Gluten-Free Focaccia
Ingredients
- ¾ cup warm water
- ½ tablespoon cane sugar
- 2 tablespoons active dry yeast
- 1 teaspoon fine sea salt
- 3 cups gluten-free flour, 1:1 ratio
- 5 tablespoons olive oil
- 4 fresh rosemary sprigs
- 1 tablespoon flakey sea salt
Instructions
- In a bowl or jar, whisk the lukewarm water and sugar, then sprinkle the yeast on top. Stir once, cover, and let sit for about 10 minutes, or until foamy and doubled in volume.
- Add the activated yeast mixture to a stand mixer fitted with a dough hook. Add the flour, salt, and 1 tablespoon olive oil. Mix on low until the dough pulls away from the sides and feels slightly sticky, about 2-4 minutes. Shape into a ball, place in a lightly greased bowl, cover, and let rise in a warm spot for 1 hour or until doubled.
- Punch down the dough, fold the edges toward the center, and shape into a smooth ball again.
- Grease a baking pan with 2 tablespoons olive oil (it should look generously coated). Set aside.
- Roll the dough on a silicone mat or lightly floured surface to about ½-inch thickness, then transfer immediately to the oiled pan. Cover and let rise again for 45-60 minutes, or until puffy and doubled.

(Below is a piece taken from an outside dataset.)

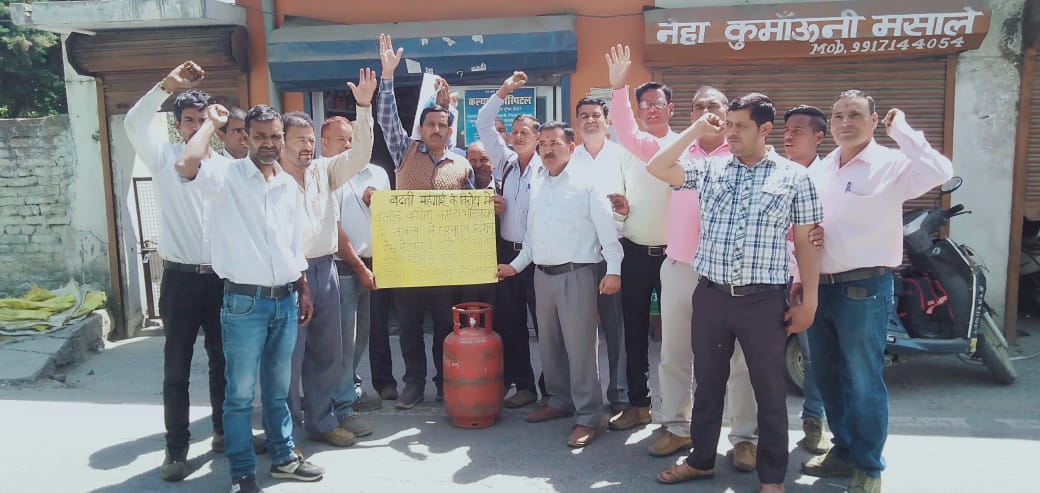 अल्मोड़ा-अल्मोड़ा के भैसियाछाना एवं हवालबाग ब्लाक में कांंग्रेसजनों ने महंगाई के खिलाफ भाजपा सरकार के विरोध में जोरदार प्रदर्शन किया।भैसियाछाना में ब्लाक अध्यक्ष पूरन सिंह सुप्याल एवं हवालबाग में ब्लाक अध्यक्ष राजेन्द्र बोरा के नेतृत्व में प्रदर्शन किया गया।भैसियाछाना में प्रदर्शन करने वालों में ब्लाक अध्यक्ष पूरन सिंह सुप्याल,प्रताप राम आर्य,नरेश बाराकोटी,दीपक पाण्डे,दीपक सनवाल,दीपक भट्ट,भगवान आर्य,श्याम सिंह पूना,गिरीश टम्टा,मोहन सिंह सुप्याल,महेश राम,खड़ग राम,खिलानन्द भट्ट, भगवती मटेला,राजेन्द्र बिष्ट,शेखर चन्द्र पाण्डे,गोपाल सिंह मेहरा,देवराम,प्रकाश भट्ट,भगवान राम,चन्दन राम,गोविन्द राम,जगदीश चन्द्र पाण्डे शामिल रहे।हवालबाग ब्लाक में प्रदर्शन करने वालों में ब्लाक अध्यक्ष राजेन्द्र बोरा,चन्दन रौतेला, विरेन्द्र रौतेला,नरेन्द्र कुमार,बिशन राम,राजेन्द्र रावत,नरेन्द्र कुमार,विजय कुमार,बसन्त राम आदि शामिल रहे।

- Preheat the oven to 350°F. Use your fingertips to dimple the dough all over. Brush with the remaining 2 tablespoons olive oil, press in rosemary, and sprinkle with flaky salt.
- Bake for about 22 minutes, or until golden and cooked through.
Nutrition
Notes
- Use warm not hot water: Water that's too hot can kill the yeast; aim for 100-110°F for the best rise.
- Let the dough be sticky: Gluten-free focaccia dough should be softer and stickier than wheat dough, don't add extra flour.
- Generous oil = crisp edges: Fully coating the baking tin in olive oil helps create the classic golden, crispy bottom.
- Dimple gently: Pressing your fingertips into the dough helps the olive oil pool and creates focaccia's signature texture.
- Watch the rise times: Humidity and kitchen temperature affect how quickly dough doubles, use volume, not the clock, as your guide.
- Herbs go on before baking: Press rosemary (or other toppings) into the dough so they bake into the surface instead of burning.
- Serve warm: Gluten-free focaccia tastes best fresh and slightly warm, when the crumb is soft and airy.





I am just starting to try and have less gluten in my diet and this was very good.
the flakey salt makes such a difference!